Speaking at the Passing-Out Parade of Recruit Course 125 at Ankaful Prison Officers’ Training School in the Central Region, the Minister for the Interior, Muntaka Mohammed-Mubarak has emphasized the need for correctional reform in Ghana, highlighting the government’s commitment to transforming the Prisons Service into a modern correctional facility that focuses on rehabilitation, reformation and reintegration.
He noted that Government remains committed to expanding vocational training, educational programmes and productive inmate enterprises that reinforce rehabilitation, reformation and reintegration.
The minister pointed out that correctional facilities must become centers of reform, not just detention.

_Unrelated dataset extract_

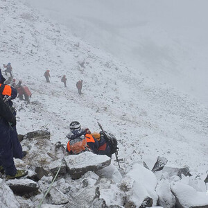 Вертолет к 18 часам долетел до площадки на отметке 1500 метров и высадил там группу спасателей и медиков. Приземлиться возможности не было, поэтому им пришлось прыгать в снег. Медики в ночь остались ждать на гребне, а спасатели отправились выше.

According to him, “is not an act of charity but a strategic investment in national security and human capital. When we empower an inmate with employable skills, we reduce the opportunity for that inmate to re-offend. Rehabilitation and reformation do not occur in isolation but must be linked to purposeful activity.”
To give practical effect to this policy, Muntaka Mohamed-Mubarak announced that Government will scale up support for prison-based ventures, saying that entures such as carpentry, tailoring, agriculture, and industrial operations, including bottled water production, will be central to a sustainable, self-reliant correctional economy.
The Minister also directed all institutions under the Ministry for the Interior to prioritise the purchase of bottled water and toilet rolls produced by the Ghana Prisons Service.
This, he said, will not only reduce the financial burden on the state but also generate revenue and promote inmates’ productivity.
He reassured the leadership and personnel of the Ghana Prisons Service of the Government’s unwavering support, emphasizing that the commitment goes beyond improving logistics and infrastructure to reforming the very foundation of correctional practice in Ghana.
Muntaka Mubarak urged the new officers to serve with integrity, compassion, and professionalism, and assured them that their actions would reflect the high standards of the Service and the trust the nation has placed in them.